AI Incident Reporting System is a structured reporting, triage, and governance framework for tracking AI misuse, model errors, unsafe outputs, retrieval failures, tool failures, and other system-level AI incidents.
It provides a production-oriented foundation for teams building AI applications that need reliable incident intake, severity classification, auditability, and feedback workflows.
AI systems fail in ways that are different from traditional software systems. A model may hallucinate, over-refuse, expose sensitive information, misuse a tool, follow an unsafe instruction, cite the wrong source, or produce an output that creates real-world risk.

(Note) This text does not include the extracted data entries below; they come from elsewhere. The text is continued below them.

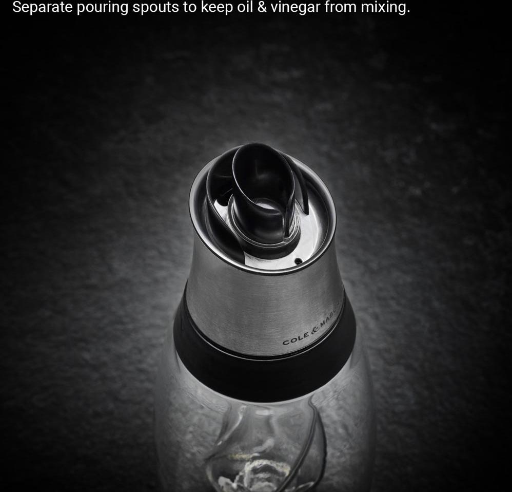 - Stainless steel spout and neck easily rotates to switch between oil, vinegar and closed positions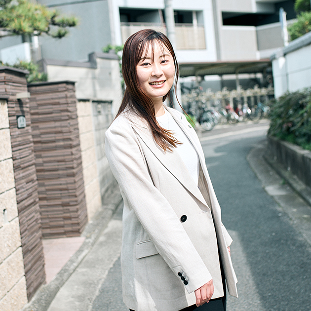 入社後、生産管理本部 近畿工事統轄部 鳳営業所に配属。堺営業所への異動を経て、2021年10月から生産管理本部 設計部 商品企画課でキャリアを積む。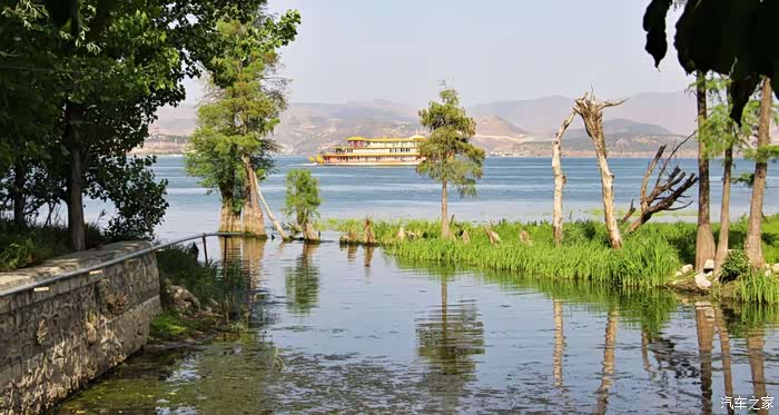 从古城的四方街沿七一街向东南方向前行,进关门口后改向南行,几分钟后就能看见一块大书“天雨流芳”(纳西语“读书去吧”)4字的木牌坊。从牌坊下走过,左前方是一块白墙黑字的大照壁,上书徐霞客的“宫室之丽,拟于王者”,照壁的正对面就是有着王者气象的木府大门。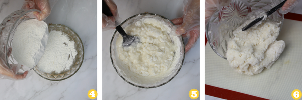 - Đổ bột bánh dẻo vào trong tô, dùng thìa hoặc dĩa khuấy đều, nhanh tay cho bột hòa cùng với hỗn hợp lỏng, thành một hỗn hợp hơi sền sệt thì dừng lại. Ngay sau đó đổ khối bột ra mặt phẳng để bắt đầu nhồi bột.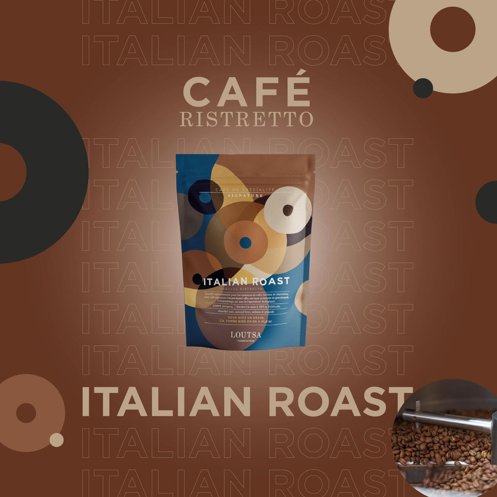 Pour l’élaboration de notre nouvel assemblage signature Italian Roast, toute la complexité a été de créer un mélange et un profil de torréfaction s’approchant de ce qui se fait de mieux chez nos voisins italiens, tout en restant fidèles à nos valeurs : une torréfaction respectueuse du grain, et la mise en valeur de nos purs arabicas d’altitude.En dégustant notre breuvage italien, subtil mélange de nos meilleures sélections, vous embarquez pour un voyage de saveurs !

This project provides a common structure for capturing those incidents consistently.
- Incident taxonomy
- Severity model
- Incident lifecycle model
- JSON schemas
- PostgreSQL migrations
- Example incident reports
- GitHub issue templates
- Governance and security documentation
This system can be used to track:
- Harmful or unsafe AI outputs
- Hallucinations with user impact
- Prompt injection or jailbreak attempts
- Model misuse
- Retrieval-augmented generation failures
- Tool-use failures
- Policy violations
- Privacy or data exposure incidents
- Incorrect citations or unsupported claims
- Over-refusals or inappropriate refusals
- Repeated quality failures
ai-incident-reporting-system/
├── README.md
├── LICENSE
├── CHANGELOG.md
├── CONTRIBUTING.md
├── docs/
├── schemas/
├── database/
│ └── migrations/
├── examples/
└── .github/
└── ISSUE_TEMPLATE/
Incidents move through a simple lifecycle:
new → triaged → investigating → mitigated → resolved → closed
Additional statuses may be added depending on the implementation.
| Severity | Meaning |
|---|---|
sev_0 |
Critical incident with real-world harm or major legal, safety, or security exposure |
sev_1 |
Serious incident with meaningful user, business, security, or safety impact |
sev_2 |
Moderate incident with limited impact but clear reliability or safety concern |
sev_3 |
Minor incident, quality issue, isolated failure, or low-risk misuse |
sev_4 |
Informational signal worth tracking but not yet a confirmed incident |
{
"title": "Unsupported medical claim in assistant response",
"incident_type": "hallucination",
"severity": "sev_2",
"source": "user_report",
"reported_by_type": "user",
"event": {
"event_type": "chat_completion",
"input_text": "What should I take for this symptom?",
"output_text": "The assistant gave a confident unsupported recommendation."
},
"labels": ["hallucination", "safety_risk", "unsupported_claim"]
}The SQL migrations in database/migrations/ define a PostgreSQL-ready incident system with tables for:
- Incidents
- Incident events
- Labels
- Actions
- Root causes
- Audit logs
The schemas in schemas/ can be used to validate submitted incidents, events, actions, root causes, and exports.
Each incident should answer four questions:
- What happened?
- Why did it happen?
- What was changed?
- How will recurrence be detected or prevented?
This project is licensed under the MIT License.